**Exercise**
Below are some records. Return exactly their lines from the one containing "Ocean Shell Triple" through the one containing "最后是负载较重的游戏场景。在 30 分钟《原神》测试里两部手机的平均帧率没啥区别,但玄戒O1", and drop the pictures.

**Material provided**
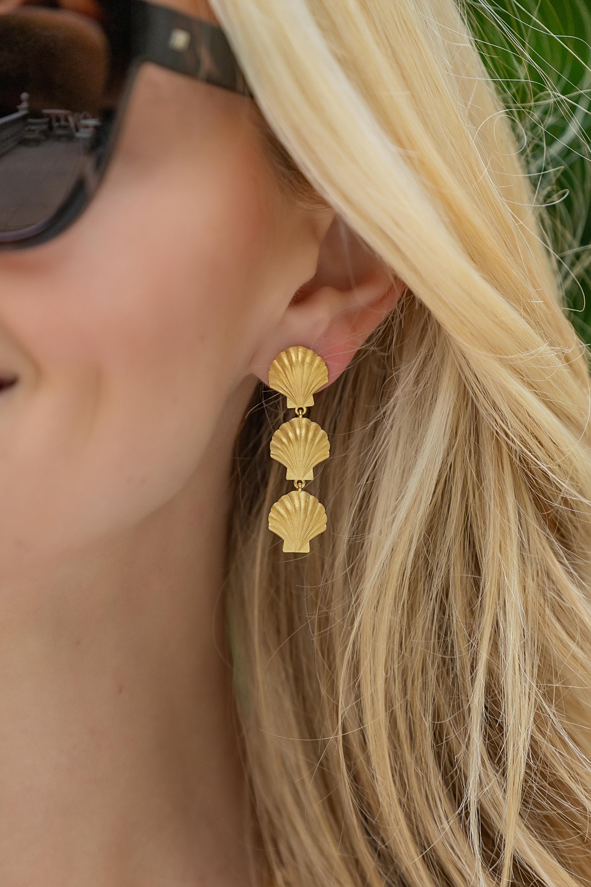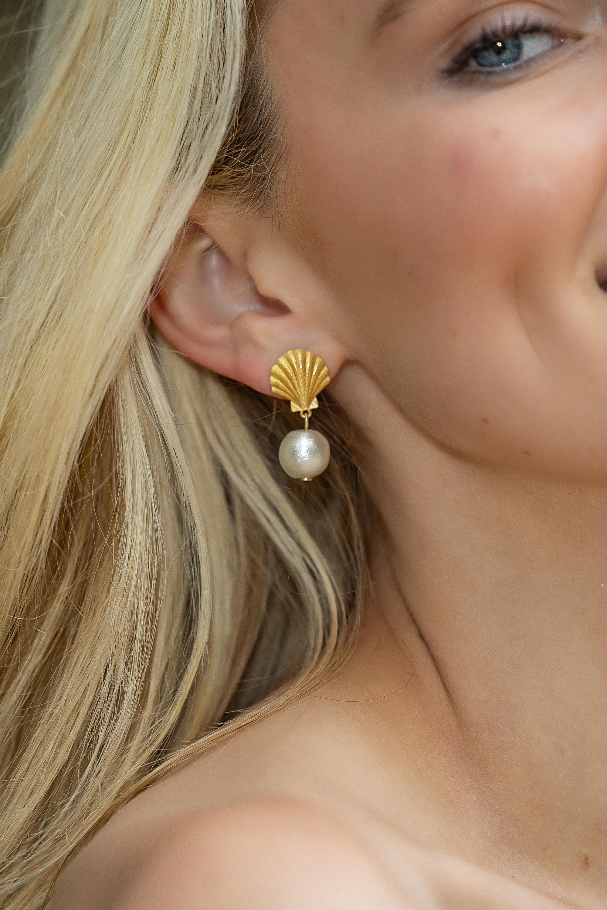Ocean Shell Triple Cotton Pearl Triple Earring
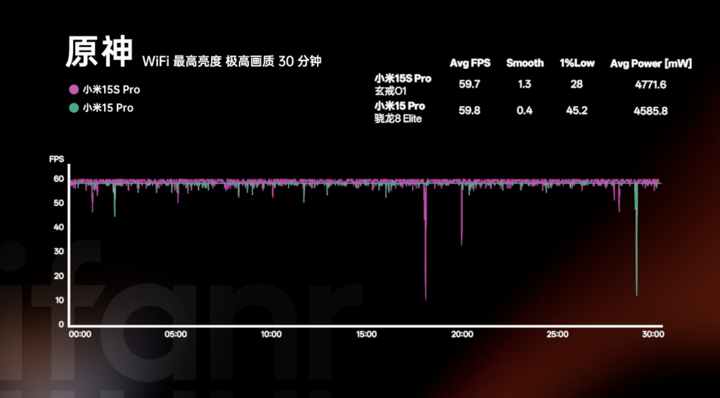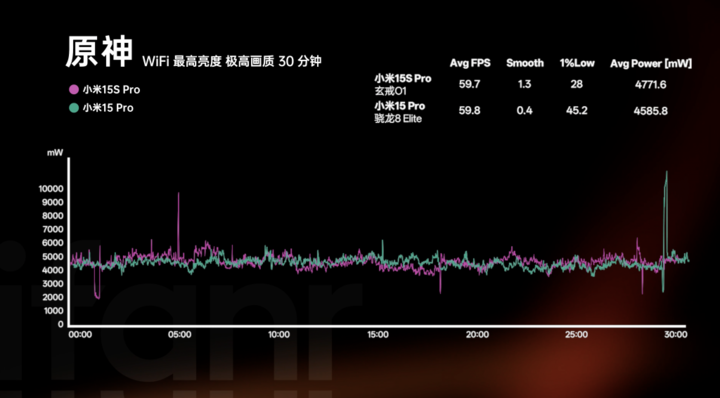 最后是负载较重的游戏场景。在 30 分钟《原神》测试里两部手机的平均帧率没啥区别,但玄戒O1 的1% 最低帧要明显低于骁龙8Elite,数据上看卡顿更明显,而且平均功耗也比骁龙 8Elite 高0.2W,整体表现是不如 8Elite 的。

---

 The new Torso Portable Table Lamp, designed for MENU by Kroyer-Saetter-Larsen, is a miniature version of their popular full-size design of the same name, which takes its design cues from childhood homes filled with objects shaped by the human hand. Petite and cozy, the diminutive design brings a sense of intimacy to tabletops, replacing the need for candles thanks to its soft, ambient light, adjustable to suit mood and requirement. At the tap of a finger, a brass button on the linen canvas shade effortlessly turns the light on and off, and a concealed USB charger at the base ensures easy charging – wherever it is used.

**Task answer**
Ocean Shell Triple Cotton Pearl Triple Earring
 最后是负载较重的游戏场景。在 30 分钟《原神》测试里两部手机的平均帧率没啥区别,但玄戒O1 的1% 最低帧要明显低于骁龙8Elite,数据上看卡顿更明显,而且平均功耗也比骁龙 8Elite 高0.2W,整体表现是不如 8Elite 的。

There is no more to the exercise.